The fight started fast, too fast. One second I was staring down Cherry's regal figure, her fan twirling in her hands like it was made of silk, and the next, I was dodging for my life. She moved with the kind of speed that made me feel like a child in a playground, just barely scrambling out of the way of her strikes. Her attacks weren't wild or reckless—they were precise, aiming right for my spine every time.
She's trying to paralyze me.
That thought sank in fast. But as fast as it did, I was too busy trying to stay alive. Instinct took over—dodge left, duck low, roll out of the way. My hatchets were useless in the face of her grace. I could barely raise them fast enough to parry her, and when I did, it was more out of desperation than skill. The force behind each of her blows made my arms ache, and I could feel the sting of her magic weaving around me, suffocating almost.
She was relentless, closing in again and again. Every time I thought I had a second to breathe, there she was, fan flicking dangerously close to my throat or her hand reaching out to choke the life out of me. My body responded before my brain could even register the movements, dodging by some miracle, but I was running out of steam fast. I could tell Cherry wasn't even breaking a sweat.
Am I going to die here?
I thought I was something special. Bmixture's hatchets felt perfect in my hands, I took down those thugs with ease earlier. But now, in front of Cherry—a real magician, someone who knew how to kill—I realized I was nothing. A prodigy? Sure. But what's that worth in the face of real skill, real danger?
Cherry's eyes never left me, her expression cold and focused. She wasn't just playing around; this wasn't a fight to test me. She was trying to end me.
I can't win this.
The thought was bitter, but it was the truth. I wasn't going to win, not here, not like this. My mind raced, trying to come up with something, anything, that might buy me time.

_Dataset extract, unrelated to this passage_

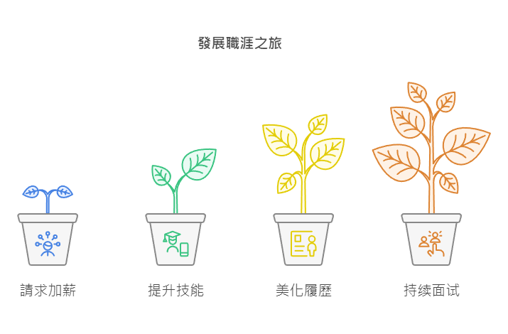 - 提升橫向技能:跨領域發展,比如做行政的可以挑戰做業務,做業務的可以強化行政能力。擁有越多跨域能力,越有可能成為不可替代的員工,理想的情況是具備業務、行政、管理與溝通 4 種跨領域技能。假如一個人能同時勝任不同領域的任務,老闆可能願意付 1.5 倍薪水留住這個跨域人才,而不必用 2 倍薪水僱用兩個人。

I wasn't strong enough to beat her head-on, but maybe... I didn't need to.
When she lunged at my spine again, fan outstretched like a blade, I shifted. My body twisted in just the right way, my hatchet hooking under her arm. With a sharp pull, I flipped her momentum and shoved her back, using her own strength against her.
I didn't waste a second. I turned and ran.
I wasn't proud of it, but survival mattered more than pride right now. The sound of Cherry's footsteps quickly followed, her speed unmatched. My heart pounded in my chest as I pushed myself harder, trying to put distance between us, but every glance over my shoulder showed her gaining. She was faster, more powerful—but she was also human.
And humans get tired.
Her pace started to falter. I could hear her breath grow ragged, her steps a little slower, less precise. I grinned, the first bit of relief flooding through me. Maybe I was out of this after all. Maybe I had bought myself enough time to—
WHAM.
Pain exploded in my leg, and I crashed to the ground. I hadn't even seen it coming. Some guy had come out of nowhere, slammed into me with a bucket like it was a weapon. What kind of idiot attacks someone with a bucket?